Un'Aston Martin DB5 accanto a un modello moderno del costruttore britannico. Fonte foto: Aston Martin
Perché James Bond guida un'Aston Martin? La storia inizia prima della celebre DB5
L'immagine di James Bond al volante di un'Aston Martin DB5 argentata sembra oggi inevitabile. L'auto con sedile eiettabile, mitragliatrici nascoste e targhe girevoli è diventata quasi altrettanto riconoscibile dell'agente 007. Il legame non è iniziato però con la DB5 e non era pianificato dall'inizio della serie.
Nei romanzi di Ian Fleming, Bond era più vicino a Bentley. Aston Martin è apparsa solo nel libro «Goldfinger», pubblicato nel 1959, e i produttori del film hanno trasformato questa scelta puntuale in una delle associazioni più note tra un'automobile e un personaggio cinematografico.
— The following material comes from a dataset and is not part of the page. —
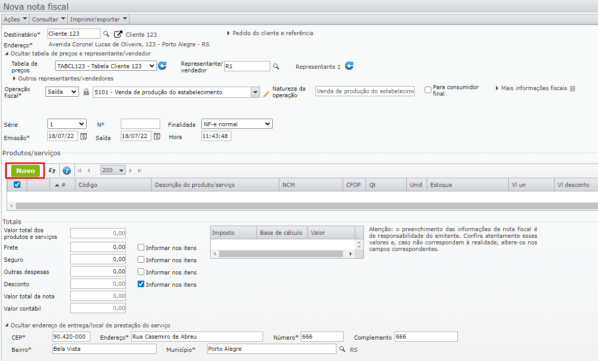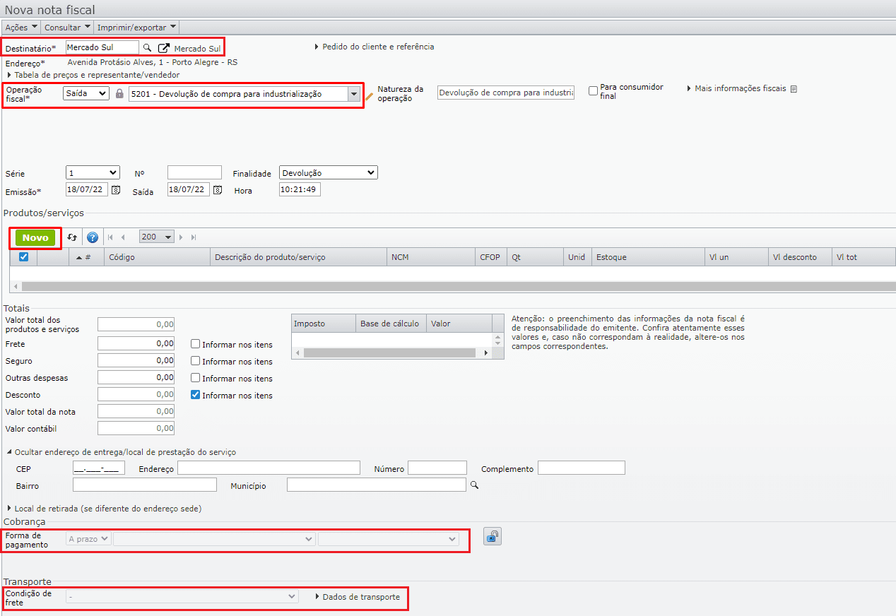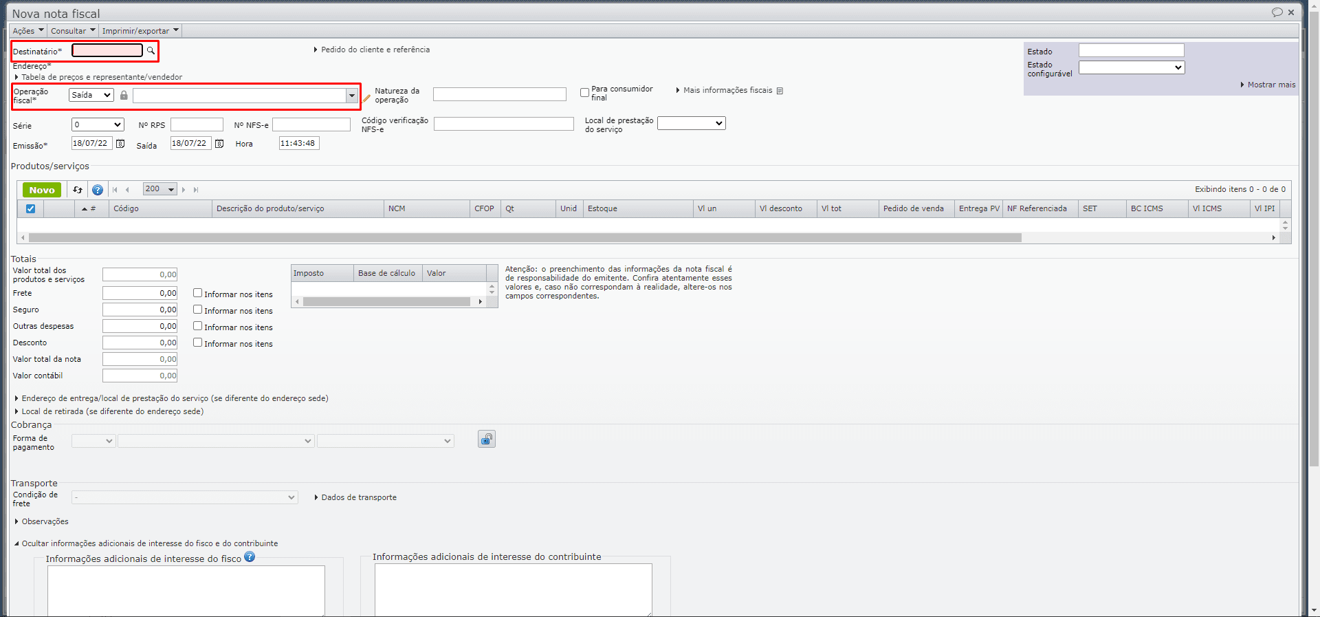 3) Preencha os campos obrigatórios, tais como “Destinatário”, “Operação fiscal”, os produtos/serviços, “Forma de pagamento” e “Condição de frete”.

Il James Bond dei libri preferiva Bentley
Il personaggio letterario guidava una Bentley da 4,5 litri con compressore, descritta da Fleming come una coupé verniciata in un grigio vicino al colore delle navi militari. Era già un'auto vecchia per il periodo in cui si svolgono i libri, ma si adattava all'immagine di un personaggio legato a oggetti personali e alle prestazioni meccaniche.
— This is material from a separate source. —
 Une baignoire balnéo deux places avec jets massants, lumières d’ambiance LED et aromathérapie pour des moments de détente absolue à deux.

La situazione è cambiata temporaneamente in «Goldfinger». Per la missione in cui doveva seguire Auric Goldfinger, Bond ha ricevuto accesso al parco auto del servizio e ha scelto un'Aston Martin al posto di una Jaguar. Fleming l'ha chiamata DB III, ma il modello descritto è considerato una DB Mark III, non l'automobile da competizione DB3.
La DB Mark III aveva già alcuni equipaggiamenti speciali: paraurti rinforzati, un ricevitore per il dispositivo di inseguimento, una pistola Colt nascosta sotto il sedile e un meccanismo che poteva modificare l'aspetto delle luci posteriori. Era l'unica Aston Martin attribuita esplicitamente a Bond nei romanzi originali di Fleming.
Perché il film «Goldfinger» ha usato una DB5
Quando Albert «Cubby» Broccoli e Harry Saltzman hanno preparato l'adattamento cinematografico, la DB Mark III non era più il modello attuale del marchio. Aston Martin aveva lanciato la DB5 nel 1963, e i produttori hanno chiesto all'azienda un'auto per le riprese.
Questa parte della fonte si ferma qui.